Sang gadis menatap layar ponselnya. Nama seorang pria tampil memenuhi layar pesan.
Sang gadis menggigit bibirnya. "Arch," lirihnya sendu.
Beberapa kali dua ibu jarinya menyentuh deretan huruf hingga terangkai kata. Namun beberapa kali pula jemari yang lain mengurungkan niatnya.
Sri pasrah. Dia mendaratkan punggungnya pada pembaringan.
Juan menyediakan kamar terbaik dalam hotel bintang lima untuk menginap semalam calon mempelai wanita sebelum ijab kabul. Gaun terbaik pun telah menemani Sri dalam ruangan mewah itu. Asesoris dan alat rias pengantin juga telah tersedia. Sri hanya menanti perias profesional yang akan datang esok selepas fajar.
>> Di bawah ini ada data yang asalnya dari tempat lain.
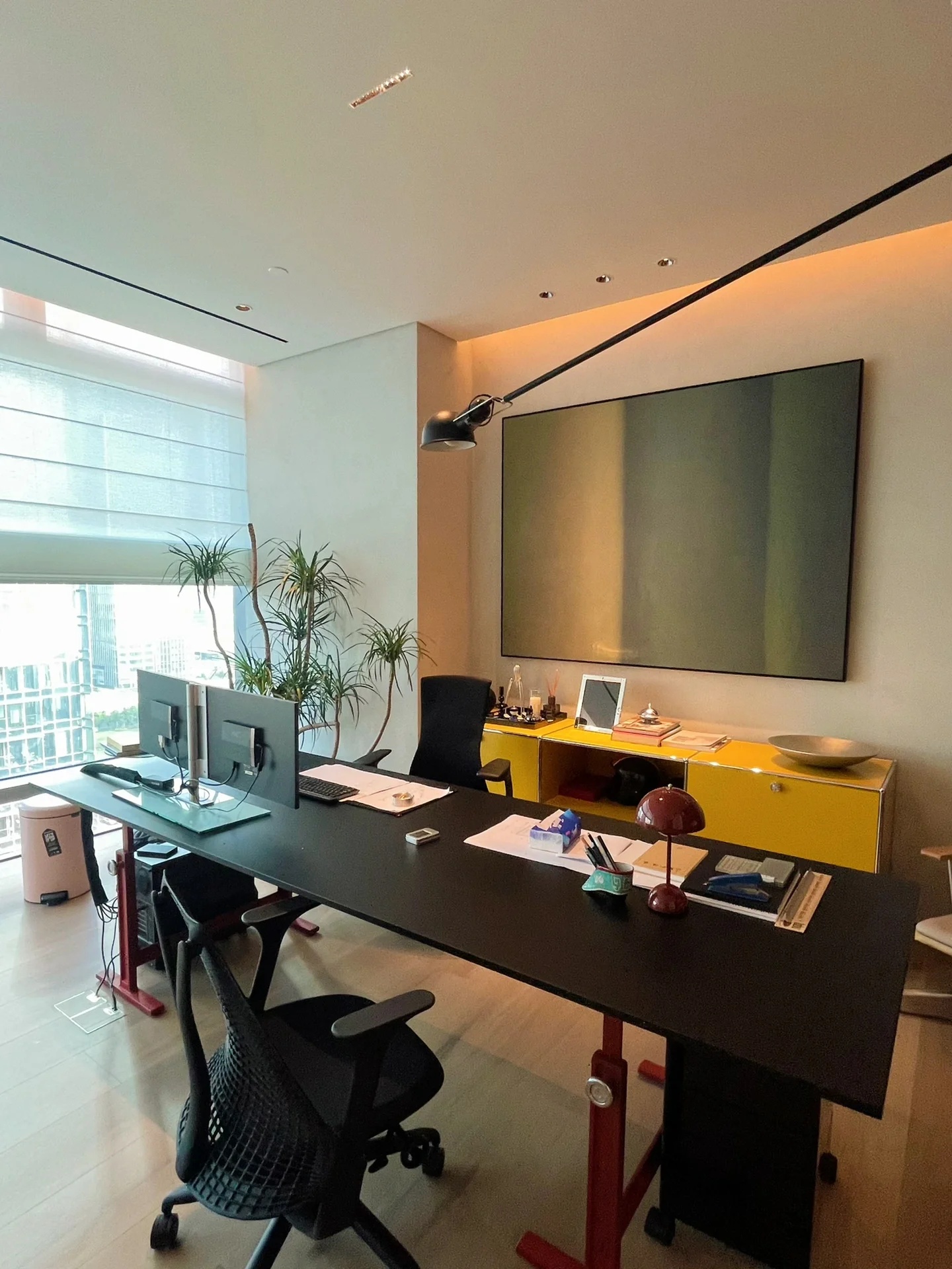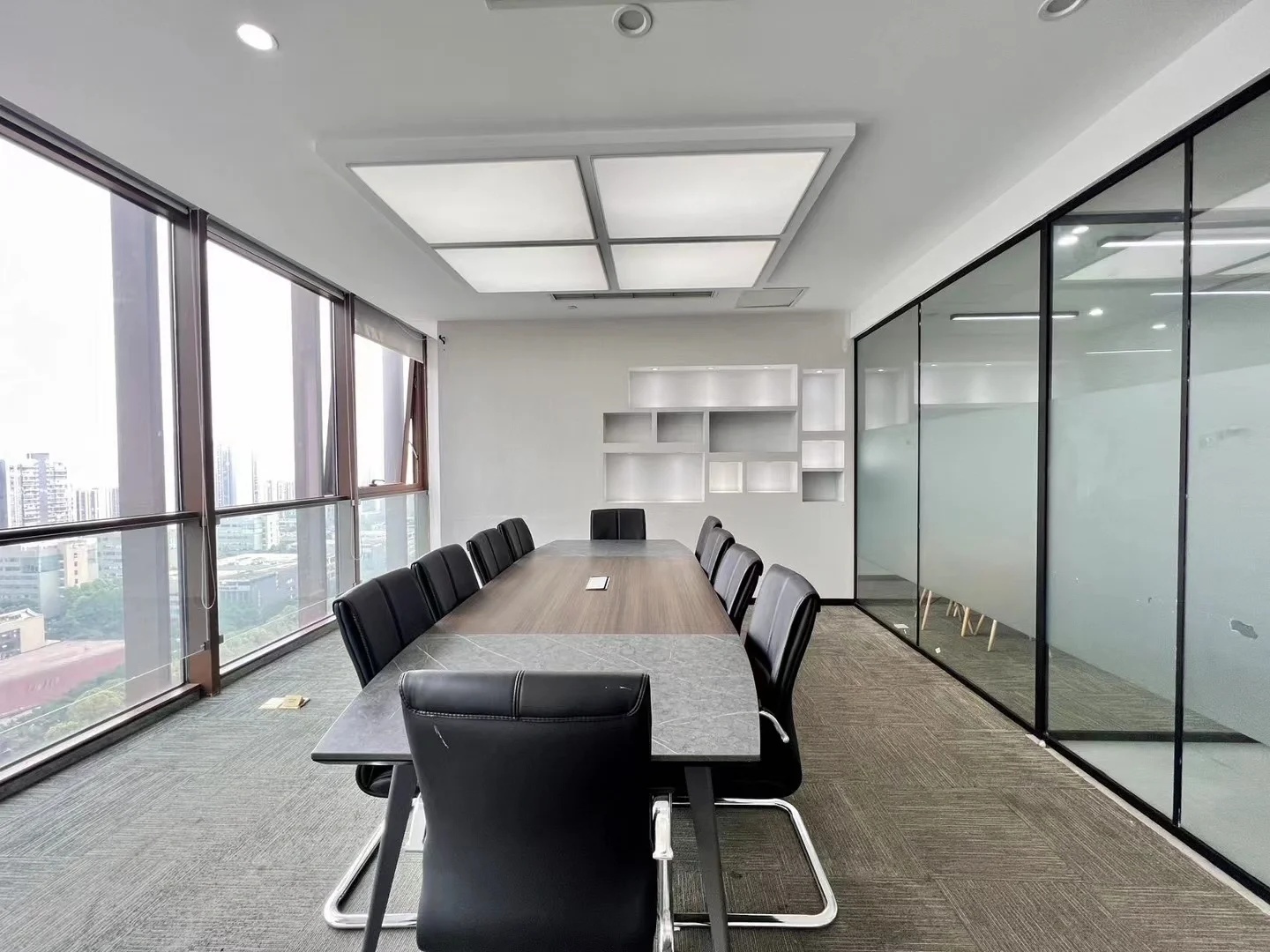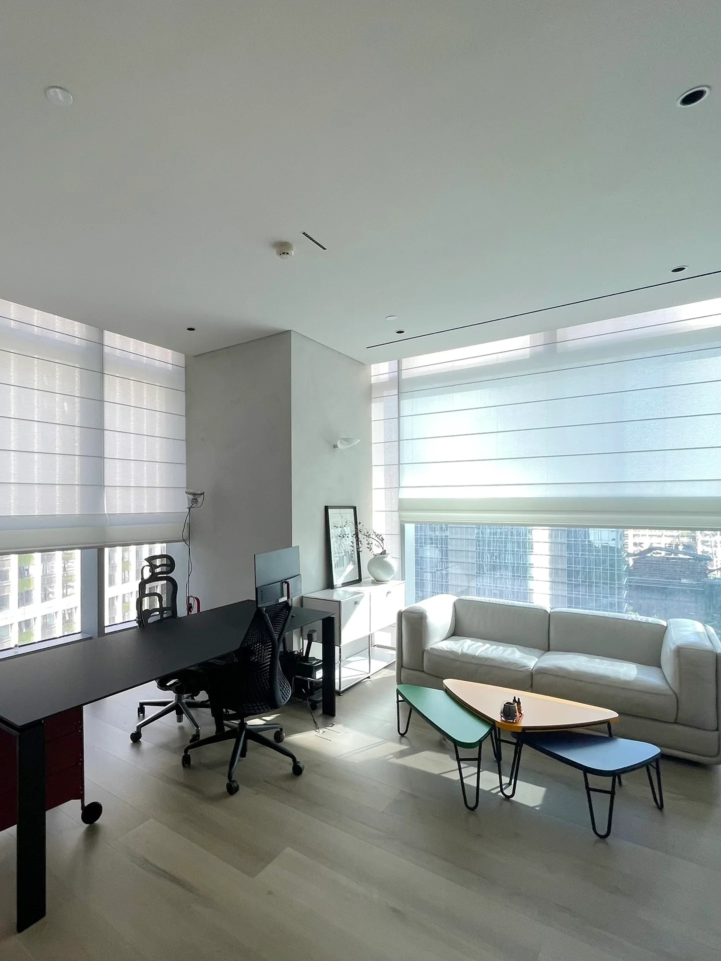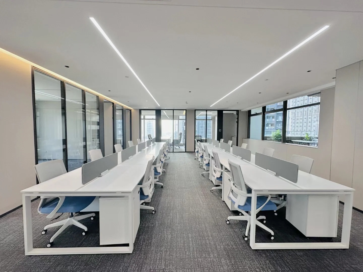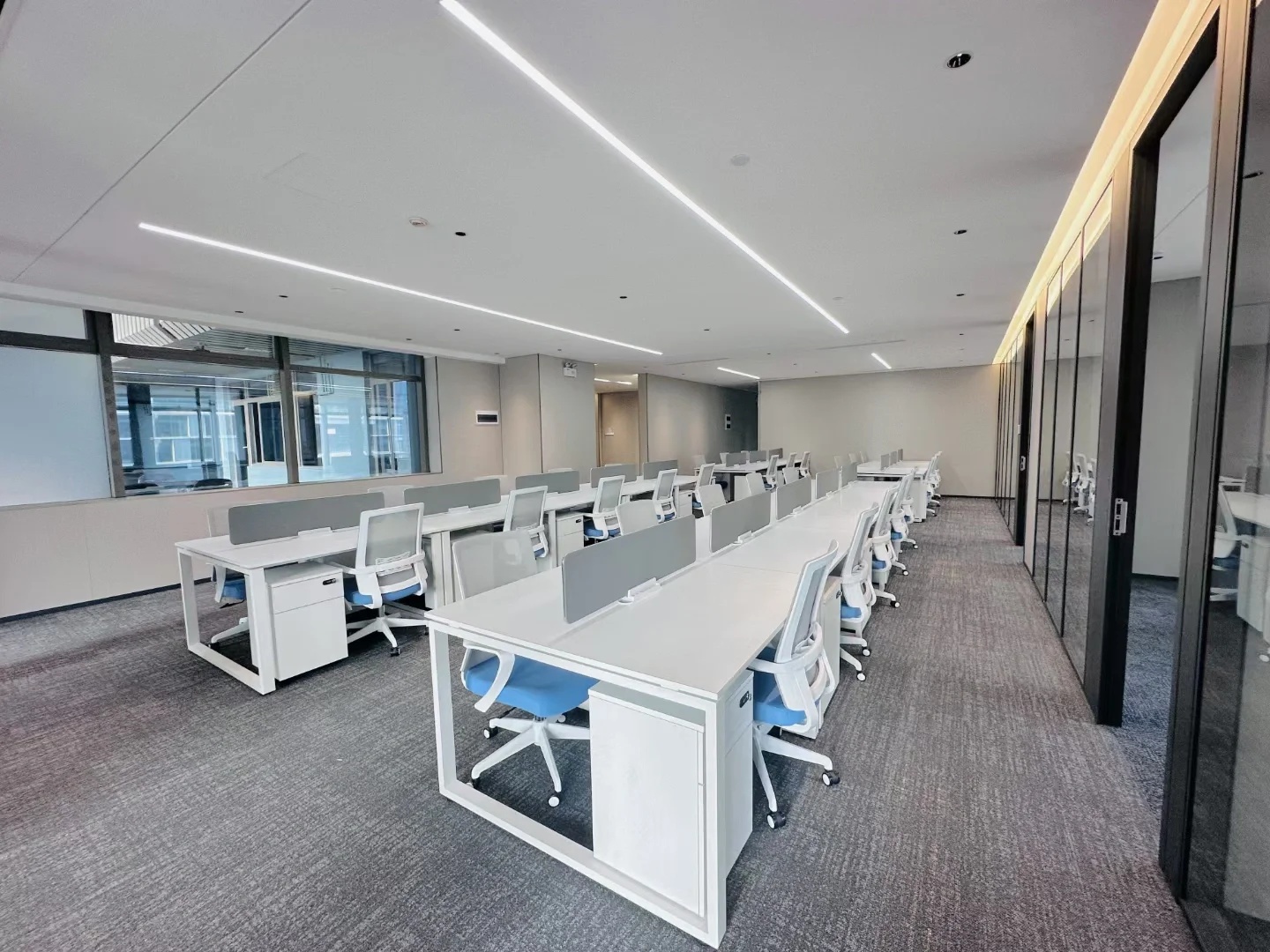阳光穿过玻璃透入空间里,光线随着时间的变化而摆动,使整个空间变得和谐而舒适,开发的空间布局,将员工与部门之间的距离拉近,是办公环境轻松却不失理性会议室的墙面采用了灰色色作为主色调,用简单条营造出一个理性而自然的流动空间,让使其凸显清透、雅致、稳重、大气外,还表现出一种高效感

Seorang gadis dan seorang pemuda terlelap hingga tengah malam tiba dalam ruangan sunyi mereka masing-masing. Mereka terjaga pada waktu sama dalam kamar yang berbeda. Mereka bergegas mengambil wudhu dalam kamar kecil yang berlainan untuk membasuh bagian-bagian tubuh tertentu sebelum sujud panjang dalam isakan.
Sang pemuda memohon dengan kerendahan hatinya pada Sang Pencipta. Dia hanya berkawan jas mewah terbaru yang akan dikenakan dalam pertemuan penting dengan klien pagi ini.
Sang gadis terisak dalam pintanya pada Sang Maha Kuasa. Gaun mewah menjadi saksi bisu air matanya yang tak mampu dibendung.